Since the records include pictures, leave those out while you reproduce exactly and only the lines from the one containing "Griglia ad angolo" through the one containing "Ausstattung: modern und", inclusive.

**INFORMATION:**
******************************

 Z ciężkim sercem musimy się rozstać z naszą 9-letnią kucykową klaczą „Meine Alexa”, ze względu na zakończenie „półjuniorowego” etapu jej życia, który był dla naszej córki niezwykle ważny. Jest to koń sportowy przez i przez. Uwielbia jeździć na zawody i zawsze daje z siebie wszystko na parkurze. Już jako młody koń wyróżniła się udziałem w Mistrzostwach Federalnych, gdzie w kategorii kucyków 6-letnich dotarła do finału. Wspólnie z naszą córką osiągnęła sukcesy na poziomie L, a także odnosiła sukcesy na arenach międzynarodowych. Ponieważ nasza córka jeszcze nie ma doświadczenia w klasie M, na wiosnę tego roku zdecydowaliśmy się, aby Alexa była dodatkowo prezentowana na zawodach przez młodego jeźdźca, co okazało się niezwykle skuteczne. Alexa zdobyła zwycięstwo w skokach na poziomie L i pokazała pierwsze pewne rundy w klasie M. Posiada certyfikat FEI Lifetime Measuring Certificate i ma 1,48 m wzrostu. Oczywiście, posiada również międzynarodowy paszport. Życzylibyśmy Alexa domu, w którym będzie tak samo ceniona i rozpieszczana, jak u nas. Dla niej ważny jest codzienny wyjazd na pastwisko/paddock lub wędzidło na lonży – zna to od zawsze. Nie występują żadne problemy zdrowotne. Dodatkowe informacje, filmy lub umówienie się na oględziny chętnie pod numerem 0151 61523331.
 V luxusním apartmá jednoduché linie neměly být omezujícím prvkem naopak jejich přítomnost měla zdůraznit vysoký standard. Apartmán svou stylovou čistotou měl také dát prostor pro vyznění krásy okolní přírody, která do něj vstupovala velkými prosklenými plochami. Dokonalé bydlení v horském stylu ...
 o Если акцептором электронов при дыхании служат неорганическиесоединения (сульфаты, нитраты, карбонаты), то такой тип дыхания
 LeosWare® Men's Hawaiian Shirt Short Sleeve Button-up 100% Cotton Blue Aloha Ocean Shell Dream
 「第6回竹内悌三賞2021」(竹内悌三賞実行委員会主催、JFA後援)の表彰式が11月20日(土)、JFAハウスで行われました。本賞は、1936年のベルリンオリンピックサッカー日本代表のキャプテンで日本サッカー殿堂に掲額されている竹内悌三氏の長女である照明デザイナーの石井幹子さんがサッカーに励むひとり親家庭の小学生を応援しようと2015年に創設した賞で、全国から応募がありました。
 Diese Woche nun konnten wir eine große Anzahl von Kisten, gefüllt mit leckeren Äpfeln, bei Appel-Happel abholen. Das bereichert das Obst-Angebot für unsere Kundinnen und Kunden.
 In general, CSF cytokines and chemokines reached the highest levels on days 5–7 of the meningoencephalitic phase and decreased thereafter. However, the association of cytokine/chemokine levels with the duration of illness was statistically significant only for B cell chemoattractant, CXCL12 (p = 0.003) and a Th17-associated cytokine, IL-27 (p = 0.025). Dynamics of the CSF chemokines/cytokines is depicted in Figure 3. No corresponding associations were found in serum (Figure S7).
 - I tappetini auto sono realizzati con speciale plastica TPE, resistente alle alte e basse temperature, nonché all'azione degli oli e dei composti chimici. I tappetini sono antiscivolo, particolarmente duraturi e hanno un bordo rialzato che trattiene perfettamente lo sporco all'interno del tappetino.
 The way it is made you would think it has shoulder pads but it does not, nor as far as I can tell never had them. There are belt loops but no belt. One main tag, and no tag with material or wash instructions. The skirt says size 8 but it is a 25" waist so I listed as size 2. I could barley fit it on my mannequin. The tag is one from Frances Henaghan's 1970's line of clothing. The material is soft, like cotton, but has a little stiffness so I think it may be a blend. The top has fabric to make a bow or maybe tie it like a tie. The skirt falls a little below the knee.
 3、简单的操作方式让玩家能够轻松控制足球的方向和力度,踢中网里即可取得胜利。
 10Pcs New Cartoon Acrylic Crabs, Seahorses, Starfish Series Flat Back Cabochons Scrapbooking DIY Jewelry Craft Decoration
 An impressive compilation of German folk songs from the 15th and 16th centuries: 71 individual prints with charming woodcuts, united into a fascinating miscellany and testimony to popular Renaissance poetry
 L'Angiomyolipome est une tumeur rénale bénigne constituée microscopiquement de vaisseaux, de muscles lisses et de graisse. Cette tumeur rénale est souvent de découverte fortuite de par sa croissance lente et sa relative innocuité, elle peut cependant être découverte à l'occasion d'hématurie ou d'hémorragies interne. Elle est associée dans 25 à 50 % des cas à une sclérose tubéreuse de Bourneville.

******************************

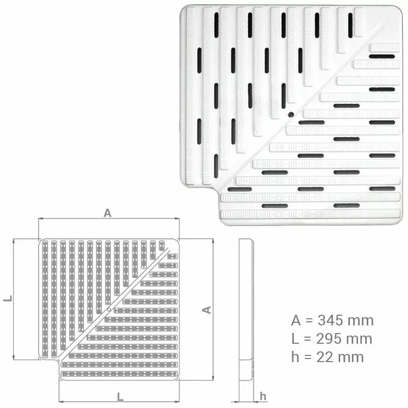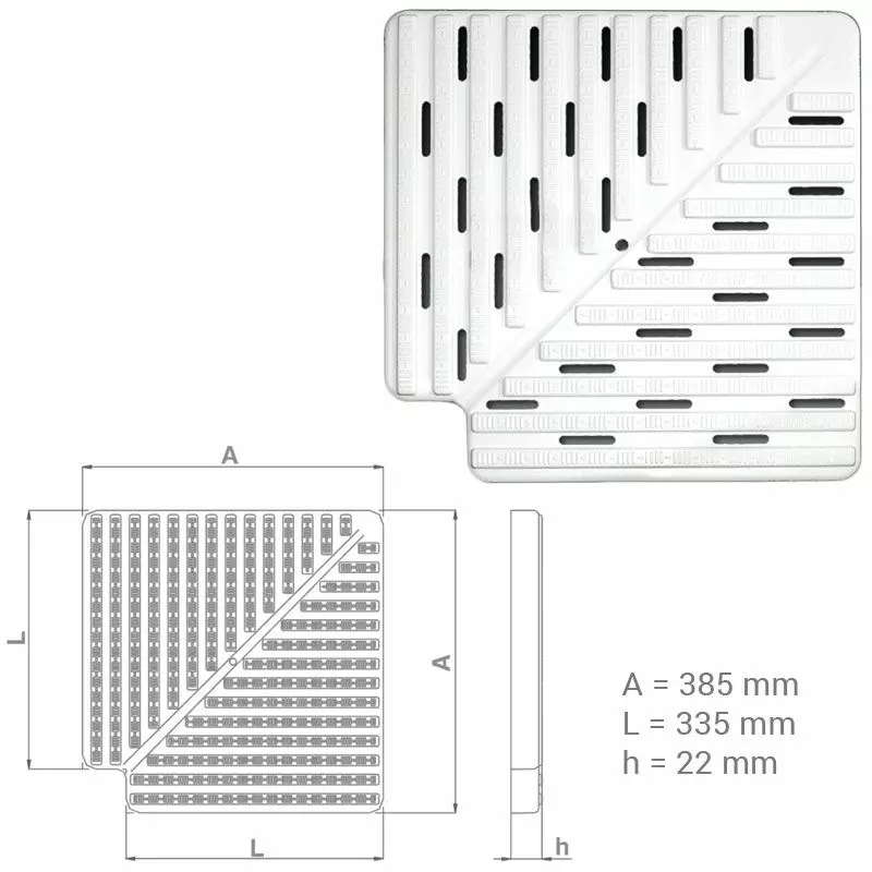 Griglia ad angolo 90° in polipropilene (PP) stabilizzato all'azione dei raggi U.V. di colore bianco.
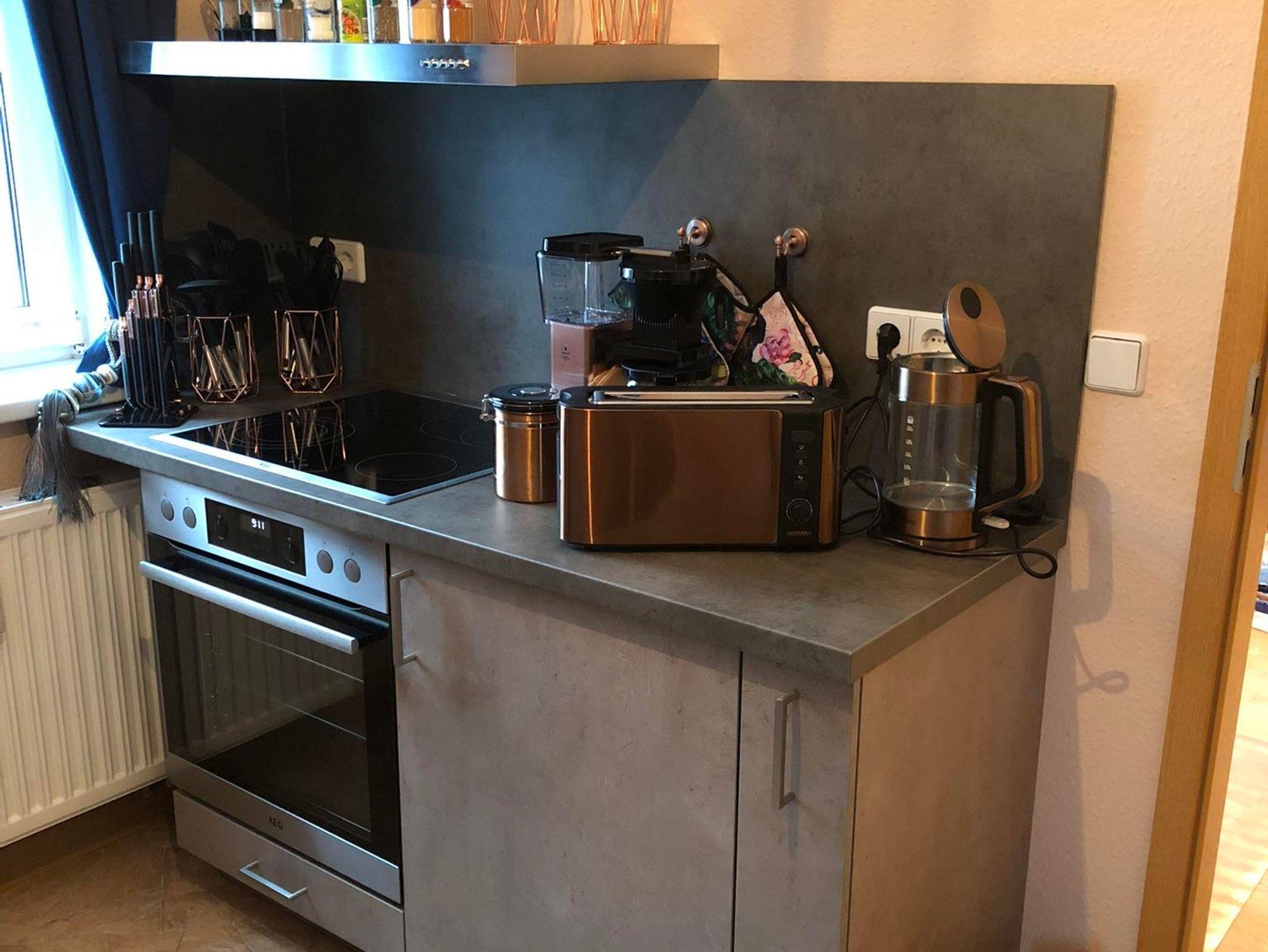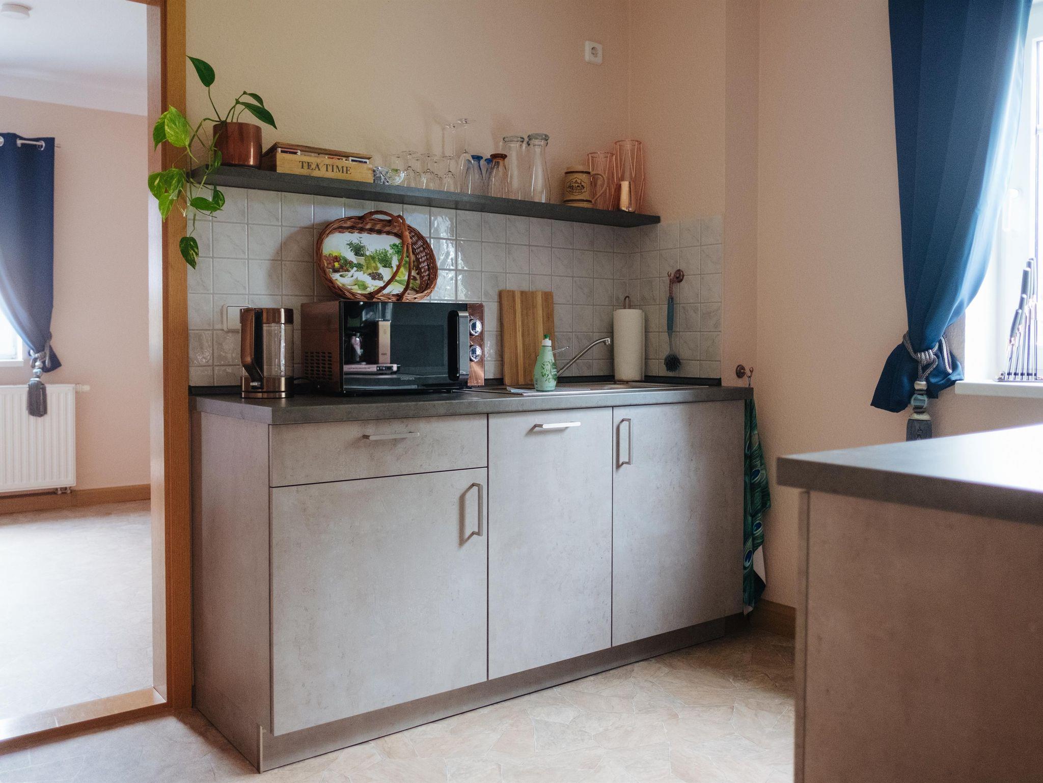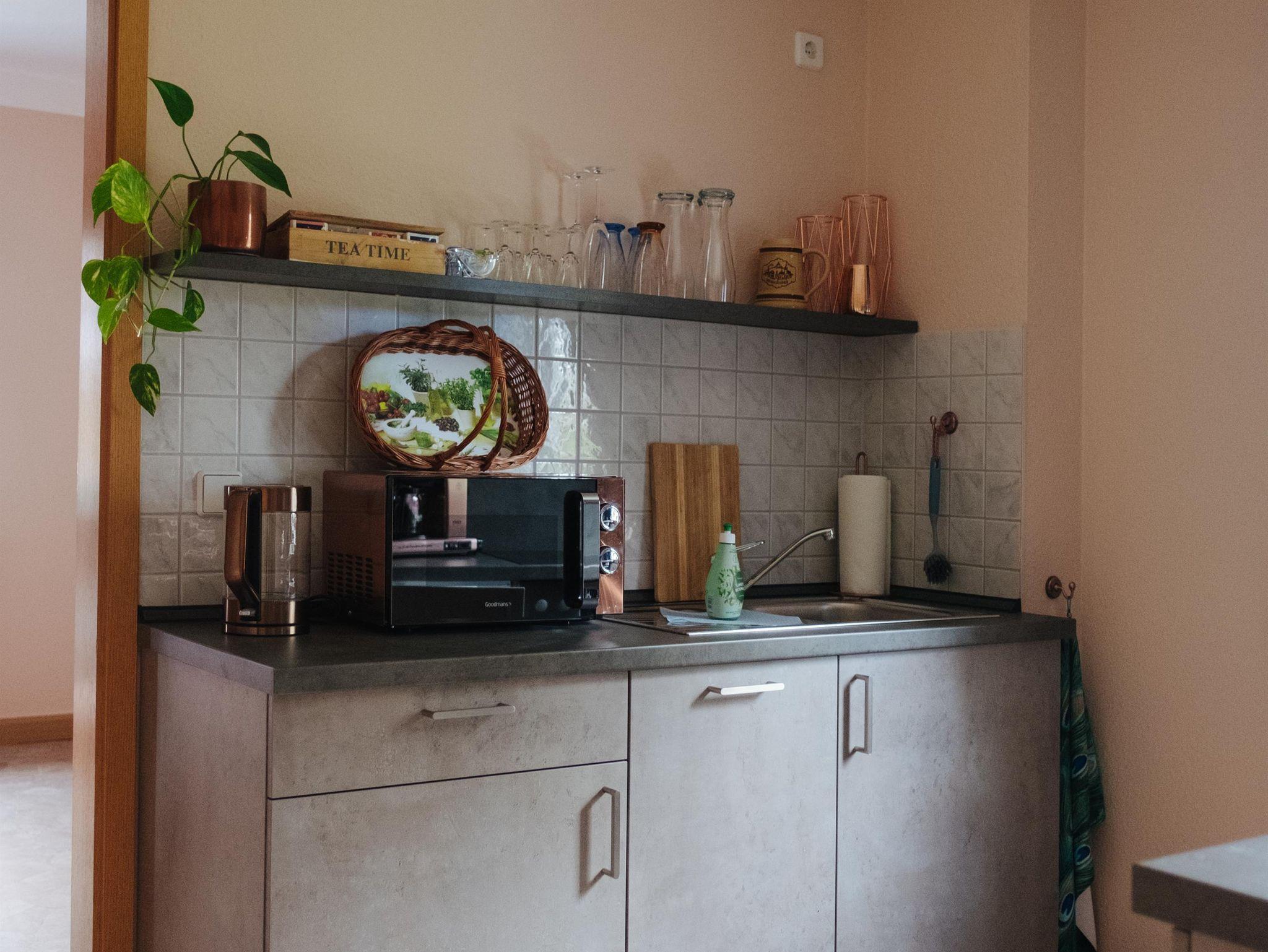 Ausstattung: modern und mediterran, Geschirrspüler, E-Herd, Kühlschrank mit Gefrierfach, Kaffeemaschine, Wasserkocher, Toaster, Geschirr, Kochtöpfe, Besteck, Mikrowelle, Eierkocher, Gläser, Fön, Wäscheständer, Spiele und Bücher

******************************

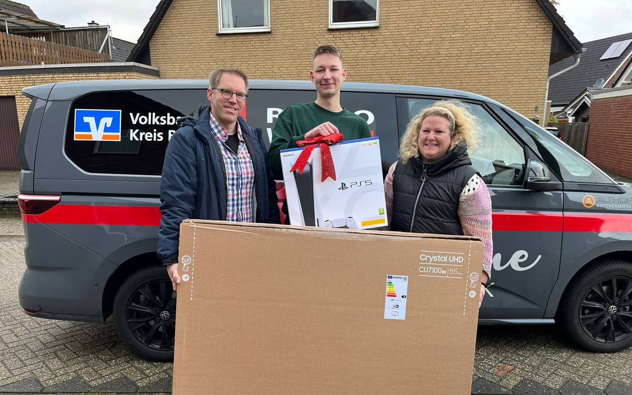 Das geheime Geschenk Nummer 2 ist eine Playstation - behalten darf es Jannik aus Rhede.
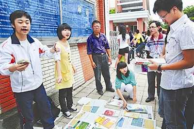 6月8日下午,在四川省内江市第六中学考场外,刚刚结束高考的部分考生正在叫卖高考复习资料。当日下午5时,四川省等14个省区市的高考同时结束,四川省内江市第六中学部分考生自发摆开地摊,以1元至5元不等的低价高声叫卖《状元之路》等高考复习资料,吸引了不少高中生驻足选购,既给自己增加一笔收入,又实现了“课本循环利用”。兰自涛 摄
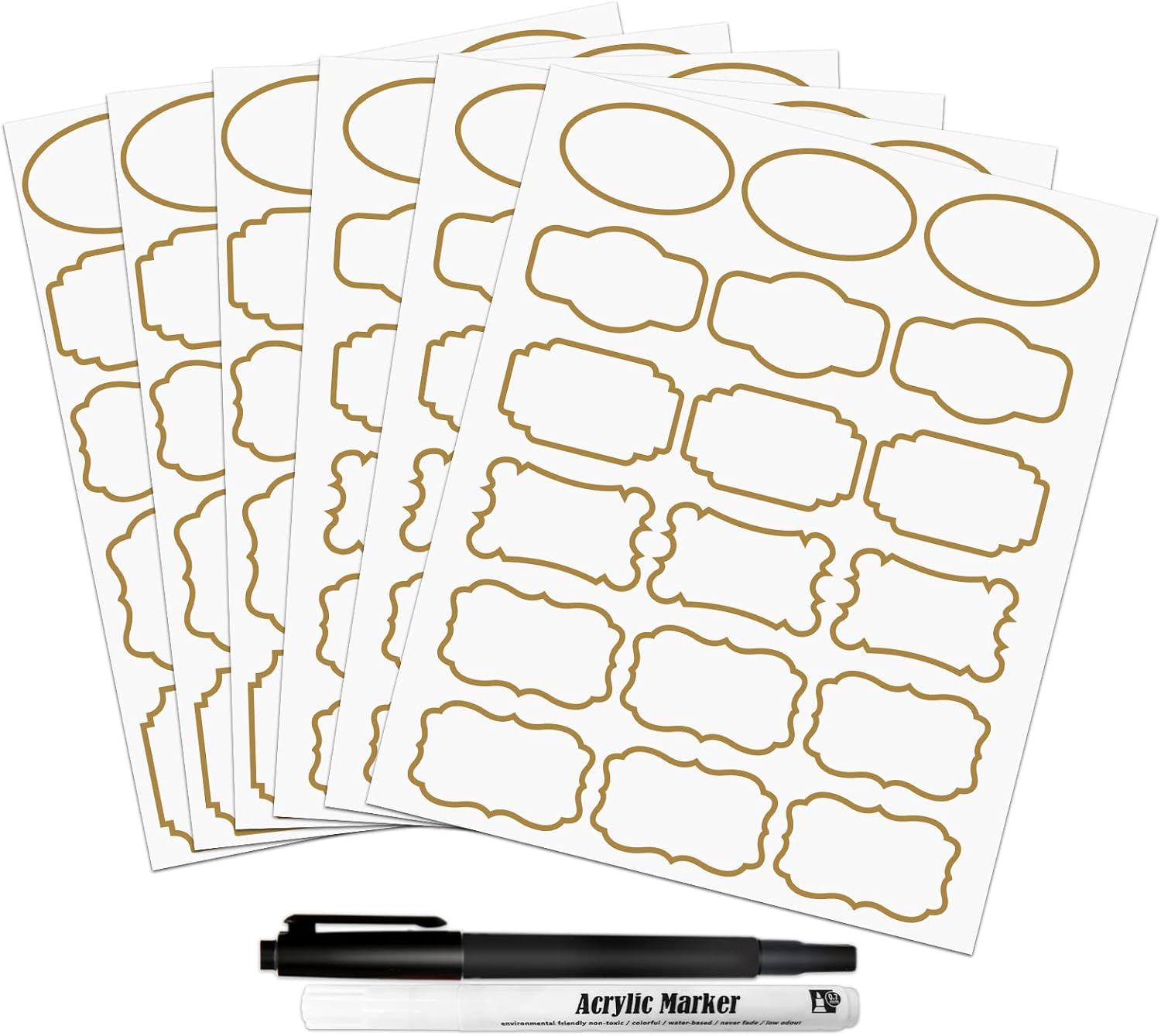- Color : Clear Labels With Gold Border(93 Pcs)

******************************

**RESPONSE TO THIS EXERCISE:**
 Griglia ad angolo 90° in polipropilene (PP) stabilizzato all'azione dei raggi U.V. di colore bianco.
 Ausstattung: modern und mediterran, Geschirrspüler, E-Herd, Kühlschrank mit Gefrierfach, Kaffeemaschine, Wasserkocher, Toaster, Geschirr, Kochtöpfe, Besteck, Mikrowelle, Eierkocher, Gläser, Fön, Wäscheständer, Spiele und Bücher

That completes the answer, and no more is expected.